Ok I think your getting confused I’m on iOS rn though so really you what you can do,you did the Table saving right but you know in pathfinding where it shows the waypoints,copy the waypoints function and edit it to your needs
Reply to C_Sharper
Its a bit difficult to help as we are not able to test out any theories we may have because we don’t have details of what is in ball_track and currentOil.
I am guessing that ball track is a table containing points along the path the ball took and currentOil.Core is a part on the lane that has a specific slippy property.
Would it be possible to let us have some details about those items?
So yeah, ball_track is a table of all the positions that the ball has travelled to when it was rolling down the lane, we’ll use these to draw 2D points on a UI frame to show the track the ball travelled. (That’s the goal)
The Core part of currentOil is the size of the lane, essentially. I tried applying some logic to the position of the core part and comparing it with the ball’s position, but I haven’t had much success.
Look into the bezier curve, it’s the foundation for forming a smooth curve between three or more points on computer software. Lerp would be the best Roblox equivalent.
Thanks for the idea, although I believe there’s a simpler way to do this.
The idea I had would be to divide the ball’s current X position by the X position of the lane part + half of the lane size, so that’d be the maximum X. In my mind’s eye, the value returned would be from 0-1, and I could then use the value and set the Scaled position of each dot. Unfortunately, I’ve been getting weird results from this…

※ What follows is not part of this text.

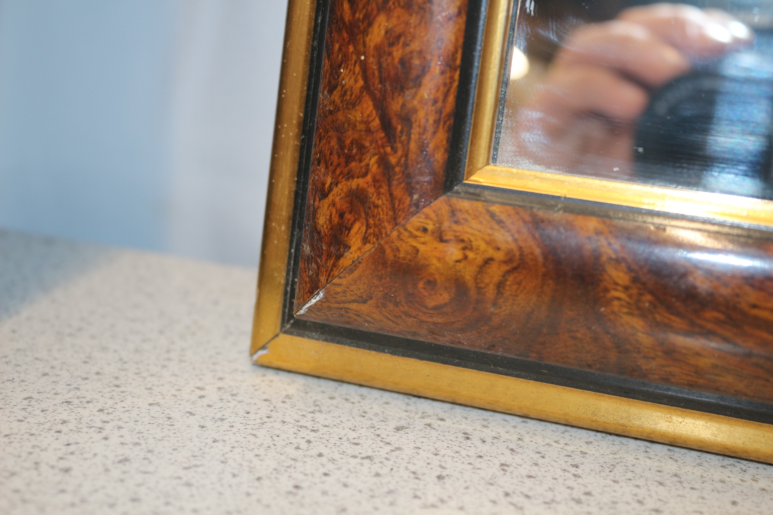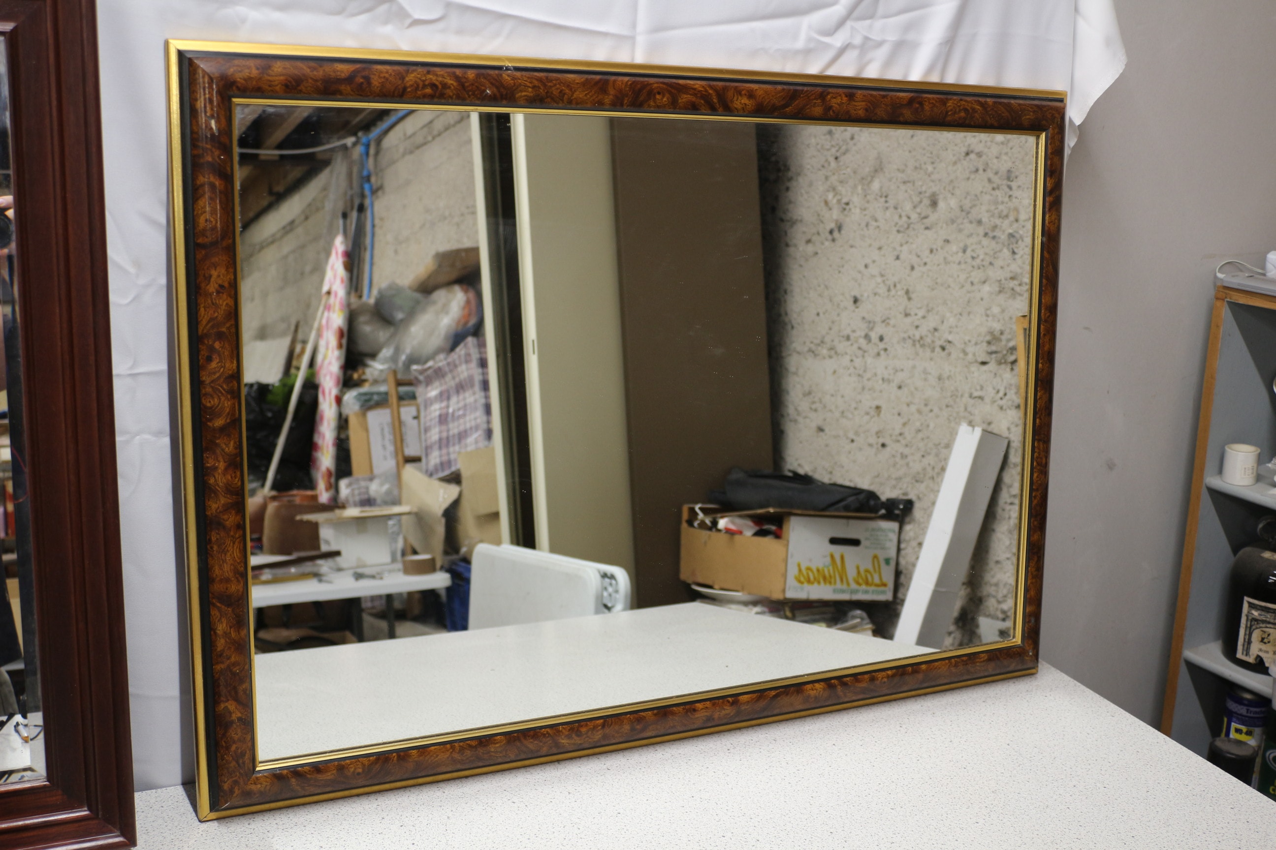 A large rectangular wall mirror with a brown burl wood pattern frame and gold-coloured trim. 70.5x101cm

Is there any reason why y is equal to 0? You use math.clamp for the x. Also you’re generating lane_y_max and lane_y_min for no reason if y is supposed to be set to 0.
As @CodeJared said, I’m not totally sure what’s going on with the Y axis, but I think I can see the issue with the X axis:
Assuming your lanes aren’t rotated, lane_x_max and lane_x_min should be correctly calculated, and the math.clamp will correctly ensure that the position of the ball doesn’t stray outside the bounds of the lane.
However, when calculating the final offset, you’re not accounting for the offset of the lane from the world origin. As a result, you’re probably getting a lot of values close to 1, since it’s giving you the fraction of the distance from the world origin to the end of the lane, rather than from the start of the lane to the end of the lane. This is hard to explain, so here’s a picture that maybe helps:
local x = ( math.clamp(v.X, lane_x_min, lane_x_max) - lane_x_min ) / ( lane_x_max - lane_x_min )
As an aside, if your lane is perfectly centred on the X axis, this will result in a divide by 0 error. It’s easy enough to just avoid this case, but if you want to handle it then you’ll need to check if lane_x_max == lane_x_min, and if so then use your original formula.